FIG. 19 is a diagram for describing such a CS method. Referring to FIG. 19, the output zero pattern extractor 131 first divides an 8×8 tile into four 4×4 tiles, and then selects a pixel furthest from a center based on a zigzag pattern order (that is, a zigzag order determined from the center to the periphery) predetermined for each tile as illustrated in FIG. 19. A reason therefor is to increase prediction accuracy by selecting four pixels having low relationship.

In this instance, as illustrated in FIG. 19, a process of selecting the furthest pixel may be performed by an empty pixel search circuit including only an AND gate and a NOT gate.

Meanwhile, the HNE 120 performs inference of 8 samples for each of four non-reusable pixels selected as such, then generates a CS-Bmap (another name, output zero pattern) representing NZ (NonZero) output, and transmits the generated CS-Bmap to the DNNA-C 130.

The bitmask generator 132 generates a bitmask representing the sparsity ratio by collecting the CS-Bmap (that is, output zero pattern) through a bitwise OR operation.

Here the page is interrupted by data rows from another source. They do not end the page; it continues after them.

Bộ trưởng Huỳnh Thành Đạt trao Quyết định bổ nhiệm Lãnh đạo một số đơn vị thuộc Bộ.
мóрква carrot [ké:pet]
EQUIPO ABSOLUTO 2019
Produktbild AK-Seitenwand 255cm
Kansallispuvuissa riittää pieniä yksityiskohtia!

In this way, the bitmask generator 132 may determine the worst case of the zero pattern to improve accuracy.

The selection information generator 133 generates selection information for allocating a task to one of the plurality of NEs according to the number of 0s in the bitmask.

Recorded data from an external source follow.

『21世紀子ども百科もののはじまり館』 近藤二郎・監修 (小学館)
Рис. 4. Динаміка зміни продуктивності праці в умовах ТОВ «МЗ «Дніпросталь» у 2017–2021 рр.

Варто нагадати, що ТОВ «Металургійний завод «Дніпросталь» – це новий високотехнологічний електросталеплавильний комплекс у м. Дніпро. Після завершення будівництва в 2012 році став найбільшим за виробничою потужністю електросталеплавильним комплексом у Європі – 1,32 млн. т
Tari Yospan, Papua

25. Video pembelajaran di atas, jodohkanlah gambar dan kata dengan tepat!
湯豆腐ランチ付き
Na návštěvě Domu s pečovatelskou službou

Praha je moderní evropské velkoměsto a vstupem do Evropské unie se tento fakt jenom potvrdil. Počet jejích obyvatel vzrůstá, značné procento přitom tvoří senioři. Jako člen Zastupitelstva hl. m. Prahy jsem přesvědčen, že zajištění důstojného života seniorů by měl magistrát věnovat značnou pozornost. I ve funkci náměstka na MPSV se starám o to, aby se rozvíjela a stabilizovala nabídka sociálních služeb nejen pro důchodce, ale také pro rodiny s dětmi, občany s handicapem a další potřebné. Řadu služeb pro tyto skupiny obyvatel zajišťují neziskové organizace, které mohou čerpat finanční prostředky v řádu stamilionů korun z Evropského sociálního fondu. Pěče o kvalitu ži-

FIG. 20 is a diagram for describing a dynamic allocation process by the bitmask generator 132 and selection information generator 133, and illustrates the dynamic allocation process after DNN inference results for pixels selected by the output zero pattern extractor 131 are input.

Referring to FIGS. 18 to 20, first, the bitmask generator 132 collects an output zero pattern for each pixel using a bitwise OR operation. In this instance, the bitmask generator 132 performs the bitwise OR operation to share the corresponding zero pattern with other surplus pixels only when all four pixels have a value “0” among various output zero patterns generated for each pixel.

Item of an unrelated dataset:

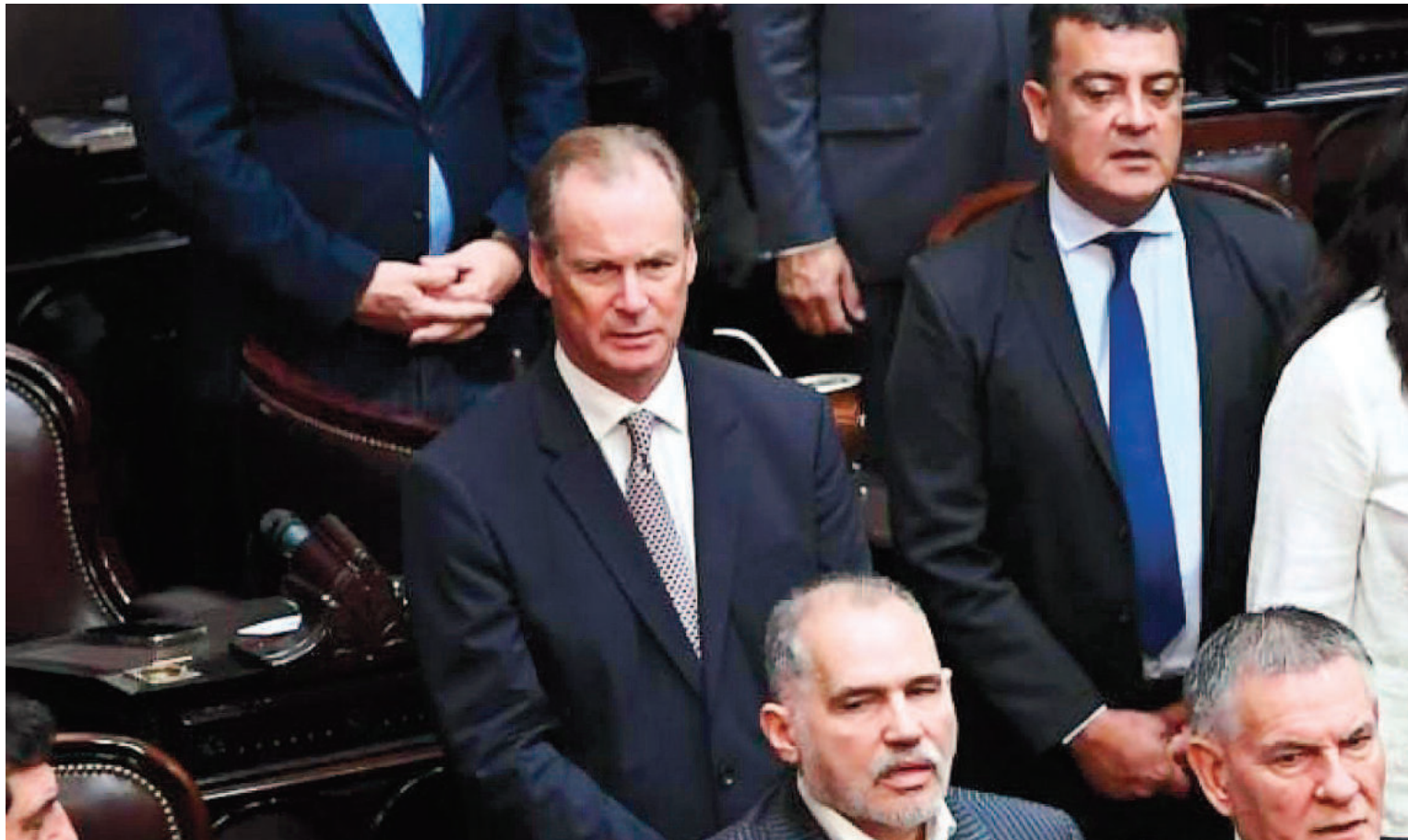
"Milei construyó un relato épico inconducente que no tiene anclaje en la realidad", afirmó el diputado nacional Gustavo Bordet.

Legisladores nacionales y provinciales, funcionarios y figuras políticas se expresaron sobre la convocatoria al Pacto de Mayo. Hubo mayoría de apoyos en el oficialismo y críticas desde la oposición.

Meanwhile, after the bitwise OR operation, the resultant bitmask is transmitted to the selection information generator 133 of the DNNA-C 130, and the selection information generator 133 allocates the corresponding channel to the 1D NE when the number of 0s is large and to the 2D NE when the number is small according to the number of 0s of the bitmask. Here, channel allocation refers to a process of transferring only a weight for the corresponding channel among weights stored in the external memory (global memory) 140 to the designated NE. Thereafter, on the assumption that the output zero pattern is the same as a CS bitmask, the 1D NE 121 and the 2D NE 122 continue to perform operations on the remaining pixels, and only operate on the allocated channels. The 1D NE 121 receives a channel whose sparsity is greater than a predetermined threshold and allocates the remaining channels to the 2D NE 122. Due to double buffering of an on-chip weight memory, this weight prefetch process may be completely hidden by implementing a pipeline using underlying DNN calculation.

The task allocation result storage 134 stores task allocation information. That is, the task allocation result storage 134 stores a task allocation result based on selection information generated by the selection information generator 133.

The offloading processor 135 monitors task allocation information of each of the plurality of NEs according to the selection information, performs task offloading according to an operation execution time occupancy characteristic of each of the plurality of NEs, and performs offloading to improve utilization of one NE having constant operation execution time occupancy among the plurality of NEs. In this way, efficiency of the HNE 120 may be increased. In other words, offloading may solve a problem of task allocation through a sparsity ratio in that performance of the HNE 120 may deteriorate due to low core utilization even though tasks are successfully divided to NEs.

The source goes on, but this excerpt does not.